I think the main reason for this is likely that they were scientists, not engineers. Science and engineering are both closely intertwined, but the show seems to want to focus on the people who used the knowledge obtained by scientists, to actually build things. Maxwell determined equations for how electricity worked, but I don't know if he actually built anything with that, or developed new devices. That said, they have touched on more scientists as well, I think its also just a lot of people related to the field. Can't cover everything, and they'll probably touch on Maxwell when they get to his equations.
Maxwell was a theorists, not an engineer or a practical scientific. Many of his formulas where already known (Gauss,Lorentz...) and his main works are mainly modelling Faraday’s experiments. Maxwell himself referred to his field pictures and descriptions as The Book. Nonetheless his legacy is invaluable, but because he accelerated the development and related light to em, but really he didn’t invented anything 🤷🏻♂️
David Lenir Invented? No. Discovered? Yeah. Sure. And ELECTROMAGNETIC WAVES dude! That’s hardcore! You can’t invent something that happens in nature. All the time. But he is the archetype of a theorist scientist, as he did all his models in his house in Scotland, barely ever visiting a laboratory. He’s awesome, but he belongs to a History of Science episode, not to a Engineering episode. I wonder when he will appear in the HS CC
This was a beautifully arranged informational video that gave me insight to knowing that the history of any topic can ignite and fuel a deeper love and understanding for any topic.
It looks like telecommunications had a really rich history, since most of the video is talking about it. By the way, I study power Engineering in Syria, And I would be really happy to help translating the videos of(Crash Course Engineering) into Arabic.

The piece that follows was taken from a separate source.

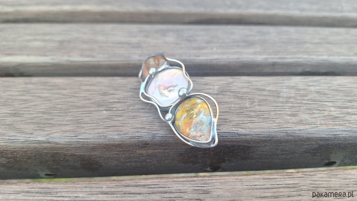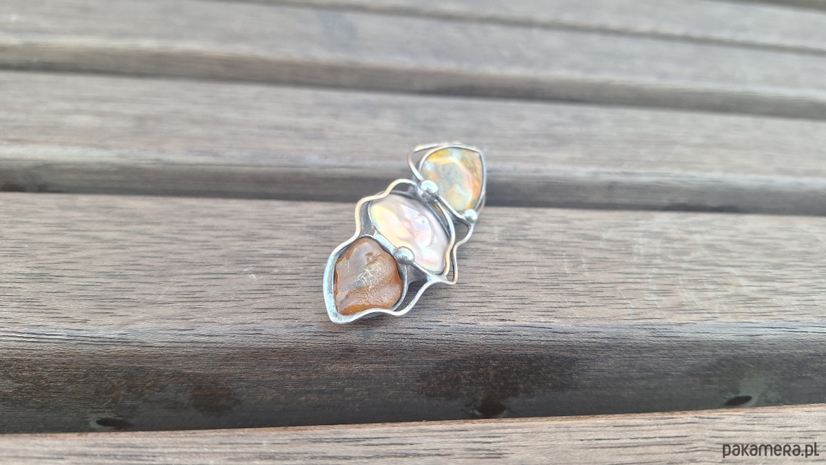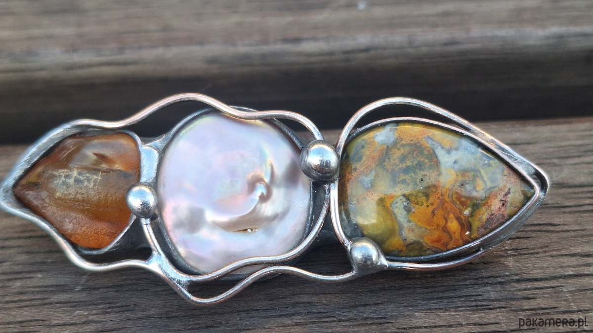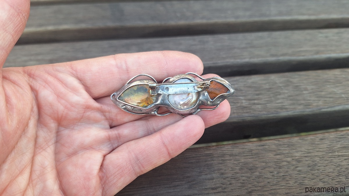 Broszka wykonana z miedzi, cyny,perły, bursztynu i jaspisu. Wymiary ok. 6 na 2 cm. Zapięcie metalowe.

This was such a detailed, interesting and an amazing video. I really enjoyed the video and I grasped a lot of information too. Keep up the amazing work!
I used to remember elementary and throughout my middle school time, even up to my time highschool time, Thomas Edison was painted as a genuine person who fought to develop his idea against the manipulative nikola Tesla. Not even kidding, they made us watch an animation about his life and it showed my Tesla as the villain. Kind of interesting up until 3 years ago I heard otherwise, and the tables turned.
For some reason people find it hard to listen to a story that doesn't have cartoon caricature. In real life, both were brilliant inventors. At the time, Tesla didn't get the recognition he deserved, so media portrayed him as the "bad guy". But now that Tesla is better known, people portray Edison as the villain, going so far as to claim he stole inventions from the people he paid to work for him. Improving on previous inventions (the light bulb) is not theft. Nor is independently inventing something (phonograph).
To omit the experimental work of Faraday, is mistake. Albeit that Maxwell took Faradays experimental notes and turned them into mathematical theory, from which Maxwell derived approximately 16 equations which were condensed into the 4 famous equations, still used today, by Oliver Heaviside.
Yeah, right, but electricity powers a large part of the world. Flowing water powers some. Wind powers qite a bit. Etc. Bottom lline: the Sun is the only thing that can be said to power "the whole world."
DC is actually better for long distance transmission. Nowadays we consider it worth converting to DC if the line is longer than 700km. The problem is that back then there wasn't a power converter for DC, so you had to generate, transmit and distribute at the same voltage. Transmitting at a low voltage means you have a high current so you lose a lot of power along the way because of the line's resistance. While for AC there was the transformer, so you could generate at around 15kV, transmit at 500kV or more and distribute it to homes at 220V for example. Even today, DC converters at that scale are very expensive (hence the 700km threshold), but they're getting cheaper and more efficient every year, so maybe we'll see DC used more often. Then again, our whole infrastructure is built around AC so it's hard to change.
Power is Voltage*current, so delivering the same amout of power at a larger voltage requires a smaller current. A transformer allows us to do that conversion for AC electricity. It's the same principle as the lever, the hydraulic lift, the gear transmission etc, you trade force for speed. Voltage is the equivalent of force for electricity, the electromotive force that drives the electrons, and current is the equivalent of speed, the rate at which electrons move along the wire. As a matter of fact, before digital computers existed, electronic analog computers were used to simulate various physical phenomena using these analogies. A capacitor is the same as a spring if you use your imagination.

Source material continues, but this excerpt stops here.